Figure 2. Turning responses are consistent with direction sensing, not gradient sensing.

a, Schematic of optogenetic fly walking assay. Flies with Chrimson expressed in ORNs receive optical stimulation from a video projector mounted above the arena. b, Fictive odor bars moving at 15 mm/s are presented in 5s blocks, interleaved with a 5s blank period. c, Component of fly walking velocity along +x direction during the stimulus (shaded grey) and blank periods, for bars moving in +x (blue; n=178 tracks) or -x (orange, n=192 tracks). Shaded error bars: SEM. Only flies facing in the 90° sector perpendicular to bar motion at odor onset (t = 0) are included; d, Distribution of fly orientations during stimulus (top) and blank periods (bottom); colors same as c. Orientations are symmetrized over the x-axis. e, Direction sensing can be differentiated from gradient sensing by measuring turning responses versus fly orientation at both edges of wide, moving fictive odor bars: the ON edge (when the fictive odor first passes onto the fly) and the OFF edge (when it leaves the fly). f, Fly turning bias versus orientation for ON (green) and OFF (purple) edges moving at 10–15 mm/s. Darker curves: flies fed ATR; lighter curves: not fed ATR. Turning bias is quantified as the sign of orientation change following edge onset, where (−1) +1 is (counter)clockwise.
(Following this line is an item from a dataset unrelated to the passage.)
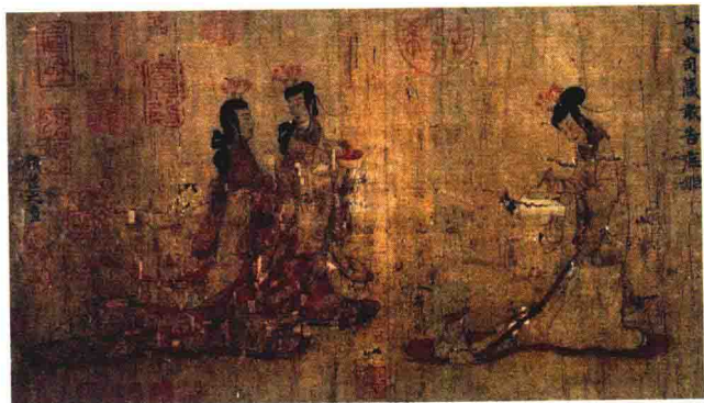
图 1.1.1 《女史箴图》(局部)

Each point covers ±45°; thus, distinct points contain overlapping data. Error bars: SEM. Turning bias for ATR-fed flies, when oriented perpendicular to the bar motion (θ = 0), are significantly different from zero for both ON and OFF edges (p < 1e-6 for both edges, chi-squared test; n=1673, 1509 ON and OFF edge encounters, respectively). Turning biases are not statistically distinct from zero for non-ATR fed flies (p=0.09 and p=0.77 (chi-squared test) and n=1397 and 1484, for ON and OFF edges, respectively).